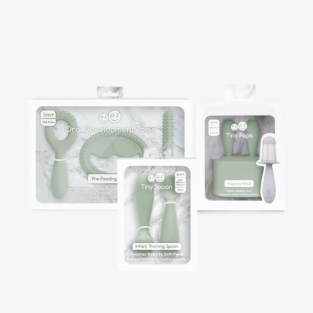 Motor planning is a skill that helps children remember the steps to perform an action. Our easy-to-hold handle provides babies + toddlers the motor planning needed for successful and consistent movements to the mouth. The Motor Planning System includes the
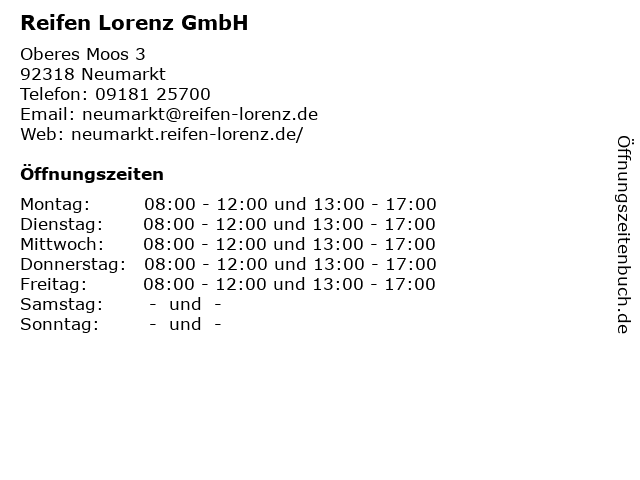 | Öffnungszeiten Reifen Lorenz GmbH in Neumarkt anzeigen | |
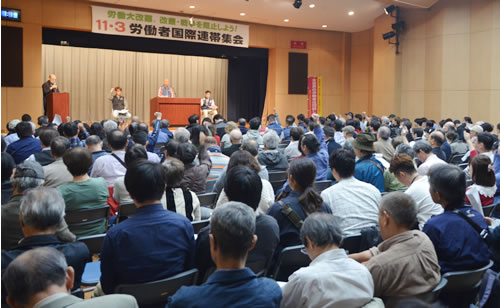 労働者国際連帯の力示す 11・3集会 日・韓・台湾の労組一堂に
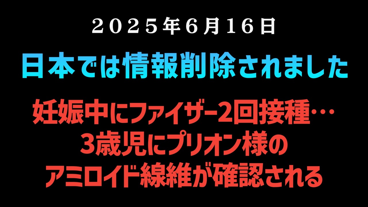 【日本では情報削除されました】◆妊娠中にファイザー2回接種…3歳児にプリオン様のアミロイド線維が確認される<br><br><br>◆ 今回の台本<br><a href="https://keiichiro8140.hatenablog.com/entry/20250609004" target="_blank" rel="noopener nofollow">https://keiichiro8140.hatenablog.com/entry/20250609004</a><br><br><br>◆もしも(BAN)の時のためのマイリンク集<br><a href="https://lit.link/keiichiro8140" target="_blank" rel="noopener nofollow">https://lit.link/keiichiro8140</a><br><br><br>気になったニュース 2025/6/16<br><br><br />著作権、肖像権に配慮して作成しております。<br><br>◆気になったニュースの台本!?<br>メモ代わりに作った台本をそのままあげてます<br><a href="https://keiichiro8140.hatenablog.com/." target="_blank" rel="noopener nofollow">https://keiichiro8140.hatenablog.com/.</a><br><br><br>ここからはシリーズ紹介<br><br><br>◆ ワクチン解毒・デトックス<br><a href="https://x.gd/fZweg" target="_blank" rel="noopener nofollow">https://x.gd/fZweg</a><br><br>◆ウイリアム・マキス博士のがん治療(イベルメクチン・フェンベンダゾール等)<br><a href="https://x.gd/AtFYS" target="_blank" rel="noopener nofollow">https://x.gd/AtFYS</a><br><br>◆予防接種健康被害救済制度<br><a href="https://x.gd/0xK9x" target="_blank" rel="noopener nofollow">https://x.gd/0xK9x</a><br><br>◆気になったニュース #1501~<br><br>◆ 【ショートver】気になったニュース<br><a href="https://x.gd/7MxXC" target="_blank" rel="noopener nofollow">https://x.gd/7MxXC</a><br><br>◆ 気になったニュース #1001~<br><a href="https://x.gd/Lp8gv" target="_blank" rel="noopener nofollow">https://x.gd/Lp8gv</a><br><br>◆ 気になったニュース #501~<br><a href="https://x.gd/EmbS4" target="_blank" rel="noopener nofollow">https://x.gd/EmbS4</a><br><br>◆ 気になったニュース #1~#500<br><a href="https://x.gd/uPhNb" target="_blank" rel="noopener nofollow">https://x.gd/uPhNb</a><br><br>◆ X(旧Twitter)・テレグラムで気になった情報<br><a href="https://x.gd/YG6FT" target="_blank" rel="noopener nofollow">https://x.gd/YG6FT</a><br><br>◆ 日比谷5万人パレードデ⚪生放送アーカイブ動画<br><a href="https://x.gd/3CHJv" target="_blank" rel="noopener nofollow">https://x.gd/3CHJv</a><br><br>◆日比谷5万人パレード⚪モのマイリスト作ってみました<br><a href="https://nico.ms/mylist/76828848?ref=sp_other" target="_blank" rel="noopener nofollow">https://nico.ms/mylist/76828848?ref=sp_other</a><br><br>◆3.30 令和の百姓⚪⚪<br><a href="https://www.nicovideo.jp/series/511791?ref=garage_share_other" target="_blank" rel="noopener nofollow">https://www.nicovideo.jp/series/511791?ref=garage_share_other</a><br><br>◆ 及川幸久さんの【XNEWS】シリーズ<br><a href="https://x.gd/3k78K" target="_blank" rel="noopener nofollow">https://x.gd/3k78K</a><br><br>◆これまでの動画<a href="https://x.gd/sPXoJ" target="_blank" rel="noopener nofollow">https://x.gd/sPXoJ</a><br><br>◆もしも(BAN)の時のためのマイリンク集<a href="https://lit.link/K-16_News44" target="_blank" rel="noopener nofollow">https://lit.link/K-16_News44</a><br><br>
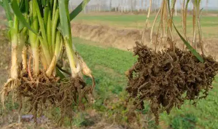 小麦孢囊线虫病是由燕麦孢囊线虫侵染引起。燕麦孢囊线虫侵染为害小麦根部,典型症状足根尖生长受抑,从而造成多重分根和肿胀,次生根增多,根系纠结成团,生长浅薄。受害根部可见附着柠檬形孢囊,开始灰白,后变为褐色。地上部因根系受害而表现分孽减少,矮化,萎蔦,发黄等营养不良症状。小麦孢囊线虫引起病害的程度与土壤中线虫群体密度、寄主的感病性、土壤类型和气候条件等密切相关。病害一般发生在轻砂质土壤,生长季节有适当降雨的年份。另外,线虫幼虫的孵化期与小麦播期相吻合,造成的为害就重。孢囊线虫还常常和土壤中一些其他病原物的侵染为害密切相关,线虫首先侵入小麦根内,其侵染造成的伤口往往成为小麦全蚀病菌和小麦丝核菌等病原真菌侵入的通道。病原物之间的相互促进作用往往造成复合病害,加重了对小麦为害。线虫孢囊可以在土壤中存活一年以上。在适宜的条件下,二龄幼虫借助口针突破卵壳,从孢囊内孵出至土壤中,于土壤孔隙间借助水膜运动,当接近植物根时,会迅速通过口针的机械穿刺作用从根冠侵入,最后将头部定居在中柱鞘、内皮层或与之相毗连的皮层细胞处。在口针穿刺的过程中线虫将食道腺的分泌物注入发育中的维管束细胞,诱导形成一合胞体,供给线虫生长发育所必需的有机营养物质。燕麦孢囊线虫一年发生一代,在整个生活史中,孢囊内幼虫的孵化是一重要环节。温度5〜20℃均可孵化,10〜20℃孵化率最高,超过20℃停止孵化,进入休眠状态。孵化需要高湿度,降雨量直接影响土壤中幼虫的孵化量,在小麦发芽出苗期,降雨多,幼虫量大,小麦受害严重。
==
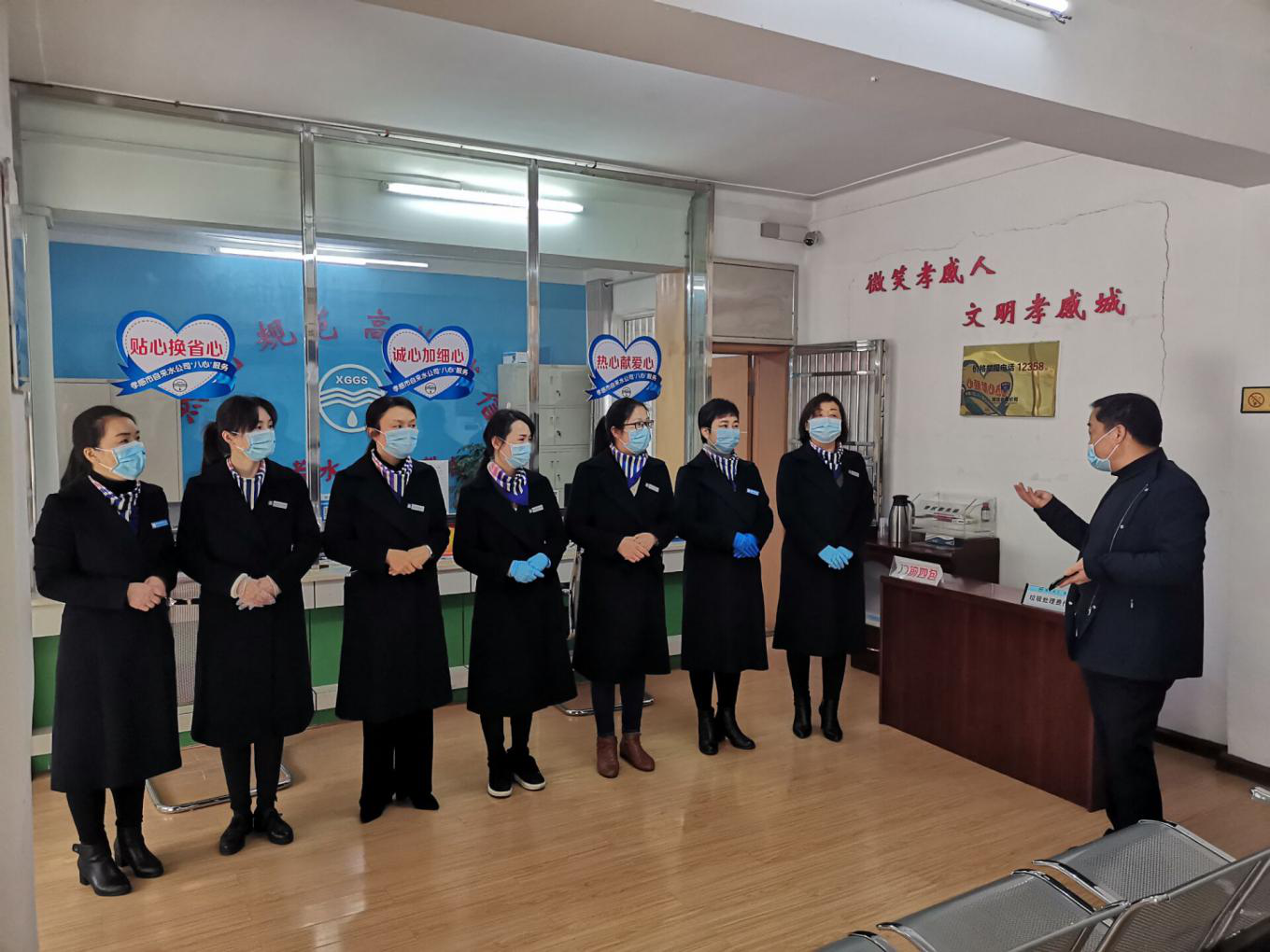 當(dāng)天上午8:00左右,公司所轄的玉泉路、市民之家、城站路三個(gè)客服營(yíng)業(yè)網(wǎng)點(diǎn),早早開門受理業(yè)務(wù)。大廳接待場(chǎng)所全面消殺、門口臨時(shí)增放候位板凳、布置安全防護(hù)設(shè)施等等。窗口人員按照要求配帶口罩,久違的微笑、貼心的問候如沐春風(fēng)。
...
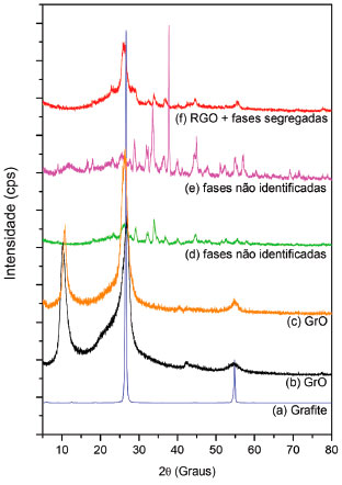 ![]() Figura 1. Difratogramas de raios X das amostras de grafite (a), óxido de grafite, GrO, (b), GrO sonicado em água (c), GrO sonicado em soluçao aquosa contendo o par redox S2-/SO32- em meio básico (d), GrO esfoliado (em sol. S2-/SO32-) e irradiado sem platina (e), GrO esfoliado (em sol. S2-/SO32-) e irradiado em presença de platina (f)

The problem:
Range to copy from the records above: the line containing "anzeigen | |" to the line containing "労働者国際連帯の力示す 11・3集会 日・韓・台湾の労組一堂に", both included. Output those lines exactly and only those, skipping pictures.

Result of this exercise:
 | Öffnungszeiten Reifen Lorenz GmbH in Neumarkt anzeigen | |
 労働者国際連帯の力示す 11・3集会 日・韓・台湾の労組一堂に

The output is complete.